The error is 1.89 years but it doesn’t predict for outliers (users that only belong to a two
person community).
Method selection
Out of the methods selected, the one with lower mean absolute error was the last one (viral
modeling according to communities). The problem of this model is that it does not predict the
age for every user, it leaves out the ones that are not part of a community. We can combine
this model with the second one (neighbor’s average) to get a prediction for most users. For
the remaining users, we can use the overall age average.
Real age prediction
- Go back to before we filled the missing age attribute with 0s (before filtering the
outliers). We need to predict the age for those users whose age is currently 0. First, let’s
delete the 0s by deriving a new Age attribute with this function: if(Age > 0) Some(Age)
else None.
- Now, let’s get the dataset ready for the prediction. Start with the communities prediction,
copy and paste the community prediction operations without changing any of the parametes.
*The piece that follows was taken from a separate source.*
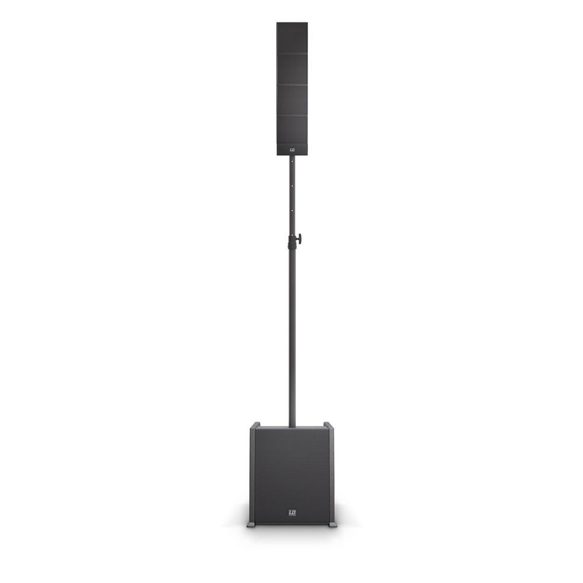 LD Systems CURV 500 ES Portable Array System with Distance Bar and Speaker Cable, Entertainer SetThe LD Systems CURV 500 ES Portable Array System is a versatile and high-performance sound system perfect for small events, conferences, and meetings. This entertainer set includes a powerful 10″ bass reflex subwoofer and an easily configurable array system with four interlocking satellites. Delivering a remarkable 460 watts RMS power and a maximum sound pressure level of 128 dB, the CURV 500 ES ensures clear, detailed, and dynamic audio for any occasion.The compact and transport-friendly CURV 500 is more than just a sound system; it is a scalable array solution designed for both mobile and fixed applications. Thanks to LD System’s proprietary WaveAhead technology, each array satellite hosts one 4″ driver and three 1″ drivers, providing a well-defined and coherent sound experience. Whether you’re setting up for a small gig, a conference meeting, or a DJ event, the CURV 500 ES is engineered to deliver superior audio quality and flexibility.Equipped with a built-in 4-channel mixer, DFX, Bluetooth technology, and a SmartLink plug & play adapter, this system offers universal mounting options and easy setup. The durable, lightweight aluminum unibody array elements ensure longevity and effortless transportation. For anyone seeking a premium portable array system that combines power, portability, and high definition audio performance, the LD Systems CURV 500 ES is an unparalleled choice.Key Features

- Discard the unwanted vertex attributes (everyone except Age, Age_final, Gender and User_ID),
pass it to a SQL1 box (without limit) and use a final Export to CSV box to download
the results.
Results
We tackled a common data science problem of imputing missing data. We tried four different
models and found that a combination of two of them would actually be the best approach to
solve it. The final dataset has no missing data and is downloaded directly as a CSV file.